Ultimately, from investigating the methods they use in the production of their chocolate, it is evident that craft chocolate companies not only have a passion for making high quality, traditional chocolate, but also much concern for the cacao industry regarding the problems that it currently faces. The massive increase in these companies is a sign that more and more people are realising the current path of the industry is not acceptable, as it encourages the use of slave and child labour and a potential shortage of chocolate in the near future.

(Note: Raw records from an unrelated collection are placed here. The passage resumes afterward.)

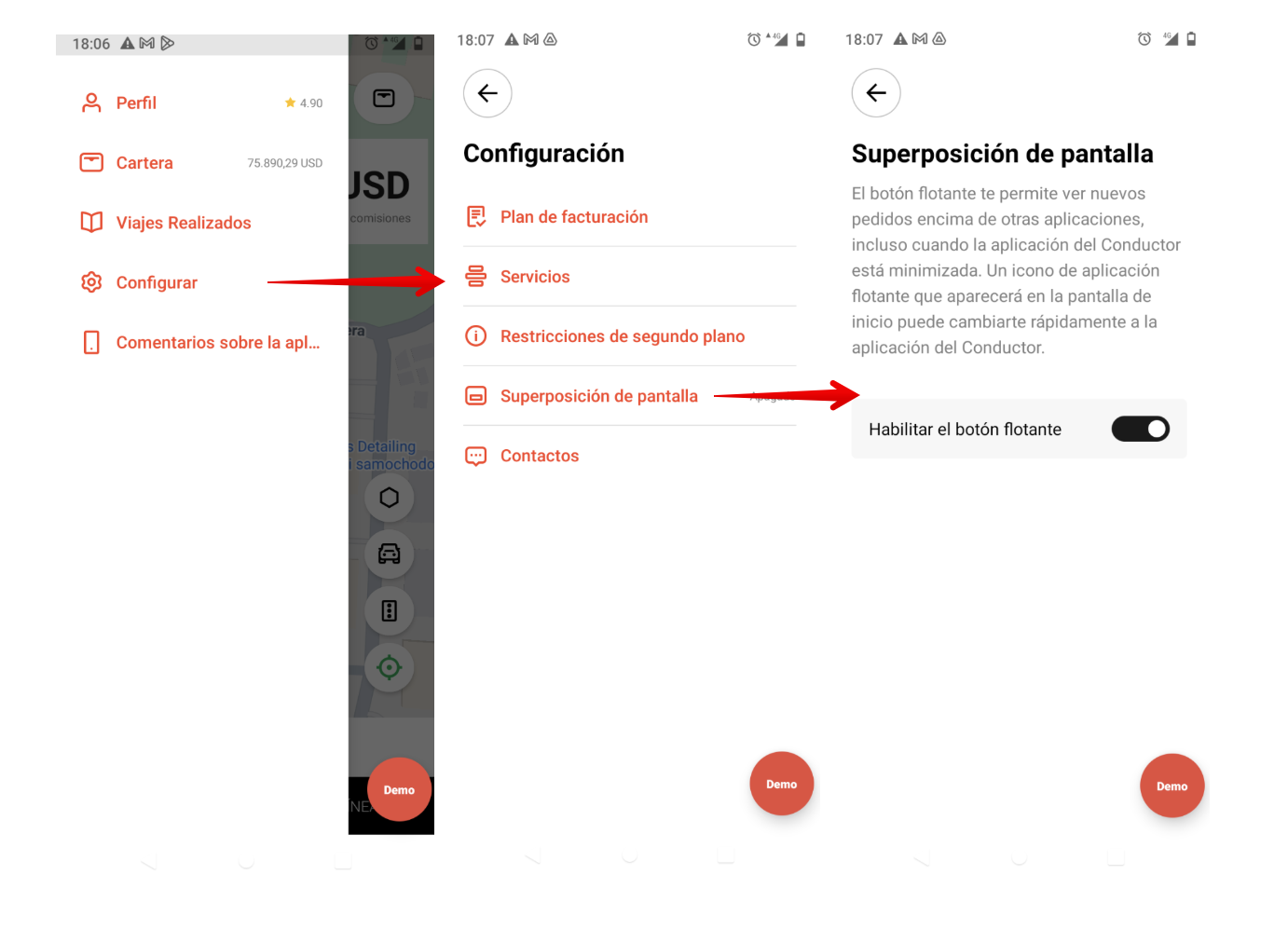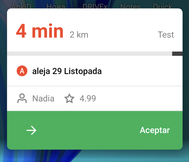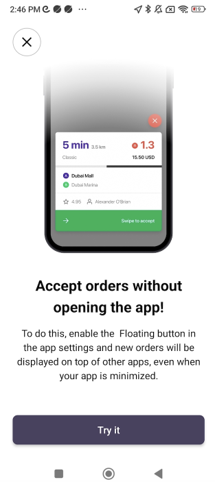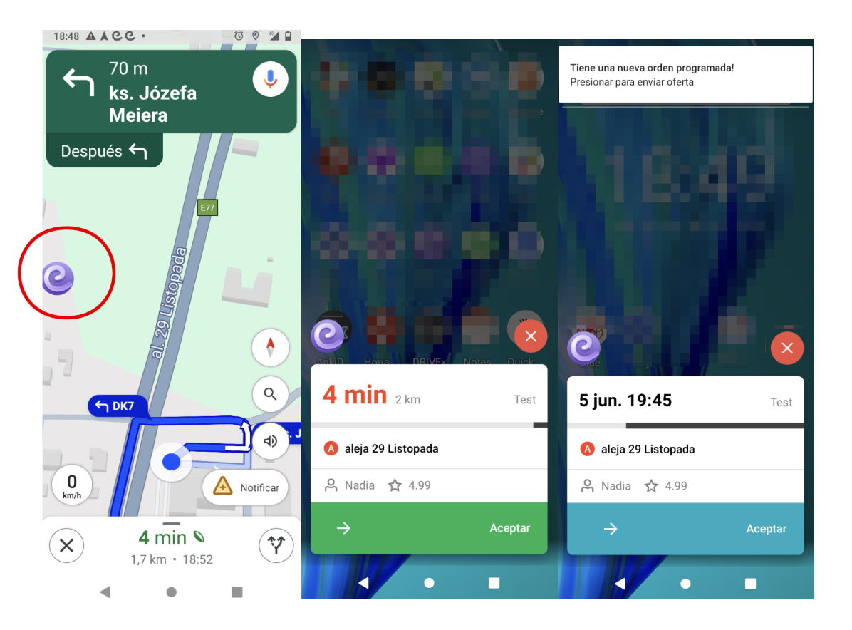 La función de superposición de pantalla permite a los conductores con dispositivos Android aceptar órdenes sin abrir la aplicación. Simplemente habilita la superposición de pantalla en la configuración de la aplicación y los nuevos pedidos se mostrarán encima de otras aplicaciones, incluso si tu aplicación está minimizada.
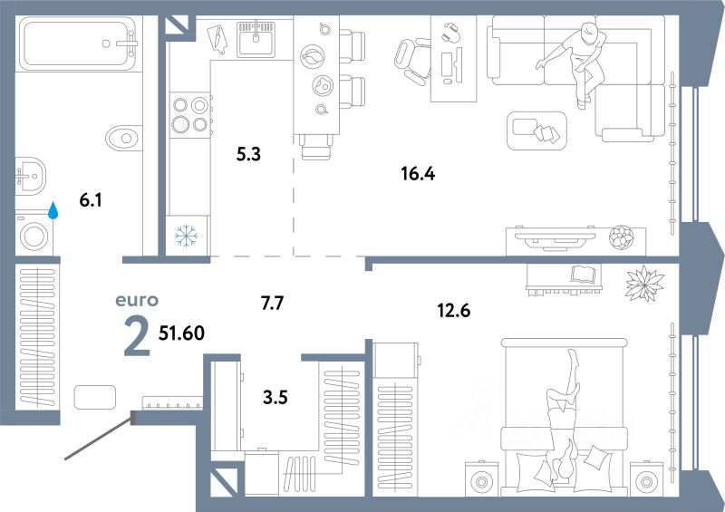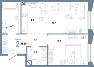 Продаётся 2-комнатная квартира в строящемся доме (Дом 1), срок сдачи: II-кв. 2026, общей площадью 51.6 кв.м., на 22 этаже. Многоэтажные жилые дома с объектами инфраструктуры, расположенные по адресу: г. Москва, внутригородское муниципальное образование Очаково - Матвеевское, ул. Озерная, вл. 42.
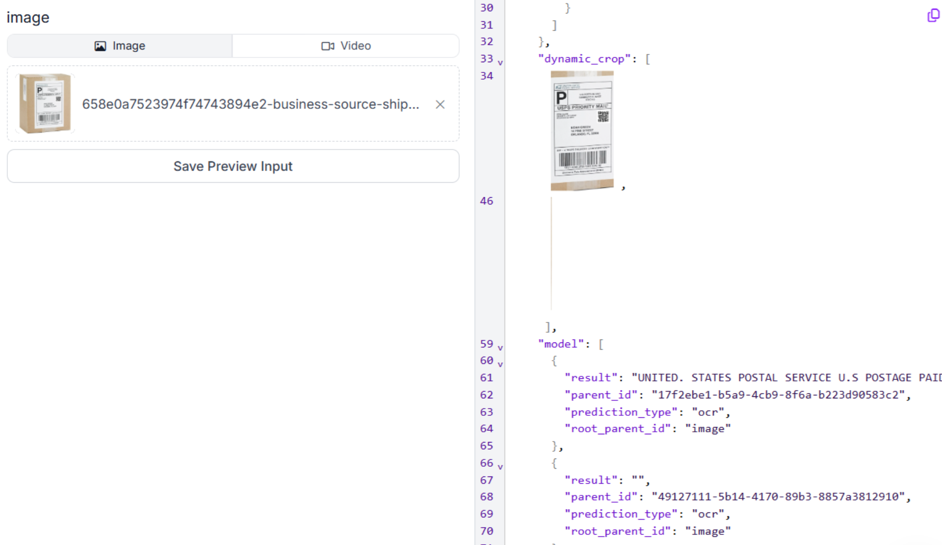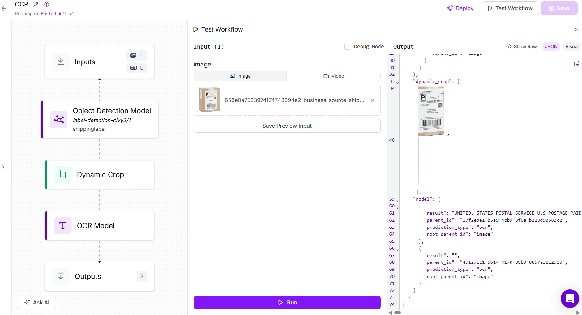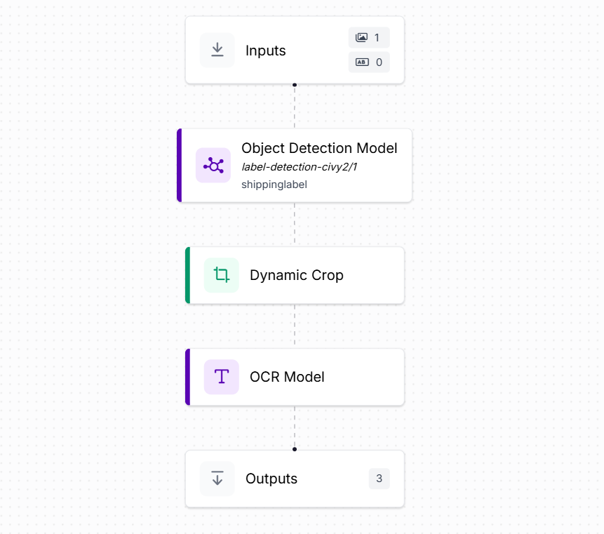 Documents or labels on pallets may contain any other information that need to be detected and processed. For example, list of items in the pallets. There are different techniques to extract OCR. Here we will make use of OCR model block in Roboflow workflow. The following is the workflow, almost similar to what we used in step 2.1 and 2.2 but with OCR Model block.

Large chocolate companies are beginning to take action however, and whilst it seems there will still be problems for many years to come, there is hope of the chocolate industry one day becoming an ethically sound and sustainable business.
- Mikell, G. ‘Cocoa and Chaos in Ghana’. (1991)
- Albritton, R. ‘Between Obesity and Hunger: The Capitalist Food Industry’. Food and Culture (3rd Edition) (2013)
- Robbins, J. ‘Is There Slavery in Your Chocolate?’. (2010)
- National Confectioners Association. ‘ Mars Invested in Cocoa’s Future’. NCA Journal Vol 2 (2012)
- Pierson, D. “Artisanal, Hand Crafted Chocolate Is a Growing Niche.” Los Angeles Times. Los Angeles Times, 28 Feb. 2015. Web. 06 May 2015.